Current location - Quotes Website - Personality signature - Traversal document of reptile weapon soup
Traversal document of reptile weapon soup
Beautiful Soup is a Python library that can extract data from HTML or XML files. It provides some simple operation methods to help you deal with the tedious work of document navigation, document search and document modification. Because it is easy to use, delicious soup will save you a lot of working time.

You can use the following command to install Beautiful Soup. Just choose one of the two.

Meitang not only supports HTML parsers in Python standard library, but also supports many third-party parsers, such as lxml, html5lib and so on. If a parser is not specified when initializing the Beautifully Soup object, Beautifully Soup will choose the most appropriate parser (assuming a parser is installed on your machine) to parse the document. Of course, you can also specify the parser manually.
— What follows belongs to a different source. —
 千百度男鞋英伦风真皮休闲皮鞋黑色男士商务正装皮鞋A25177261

Lxml parser is recommended here, which is powerful, convenient and fast, and it is the only parser that supports xml.

You can use the following command to install the lxml parser. Just choose one of the two.

The delicious soup is very simple to use. You only need to pass in a file operator or a piece of text to get a built document object. With this object, we can do something we want to do with the document. Most of the letters are crawled by reptiles, so the combination of Meitang and Request Library is better.
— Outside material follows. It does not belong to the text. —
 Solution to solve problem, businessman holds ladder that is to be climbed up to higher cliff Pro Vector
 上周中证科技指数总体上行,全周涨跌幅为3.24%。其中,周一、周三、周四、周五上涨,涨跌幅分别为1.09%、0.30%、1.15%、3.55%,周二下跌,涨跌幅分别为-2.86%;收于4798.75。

Beautiful Soup transforms complex HTML documents into complex tree structures. Each node is a Python object, and all objects can be divided into four types: Tag, NavigableString, Beautifully Soup and Comment.
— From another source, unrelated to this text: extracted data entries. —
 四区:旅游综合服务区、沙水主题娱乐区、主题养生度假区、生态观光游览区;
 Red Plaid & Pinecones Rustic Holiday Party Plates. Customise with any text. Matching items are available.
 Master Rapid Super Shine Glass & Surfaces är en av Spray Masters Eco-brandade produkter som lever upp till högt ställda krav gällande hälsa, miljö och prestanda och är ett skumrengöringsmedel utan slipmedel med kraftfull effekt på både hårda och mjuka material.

Tag is a tag of HTML, such as p, p tag and so on. It is also the object we use the most.

NavigableString refers to the text inside the tag, and literal translation is a traversable string.

BeautifulSoup refers to the whole content of a document and can be used as a label.

Comment is a special NavigableString, and its output content does not include staring content.

For the smooth development of the story, let's first define a string of HTML text, and all the following examples are based on this text.

Tags have two very important attributes, name and attribute. The item name is the name of the tag and the attribute is the attribute of the tag. You can modify the name and properties of the label. Note that this modification will directly change the BeautifulSoup object.

As can be seen from the above example, you can get the label directly through the point property method, but this method can only get the first label. At the same time, you can call the point property method many times to get a deeper label.

If you want to get all the labels of a name, you can use the find_all(tag_name) function.

We can use it. Contents outputs the label as a list, that is, formats the child nodes of the label as a list, which is very useful, which means that the specified node can be accessed through subscripts. At the same time, we can also pass. Children's generator

. The child can only get the direct node of the label, but can't get the descendant node. Future generations can satisfy you.

By getting the parent node of the tag. Parent attribute. The parent tag of title is head, the parent tag of html is Beautifully Soup object, and the parent tag of Beautifully Soup object is None.

At the same time, we can get all the parent tags of the specified tag through parents.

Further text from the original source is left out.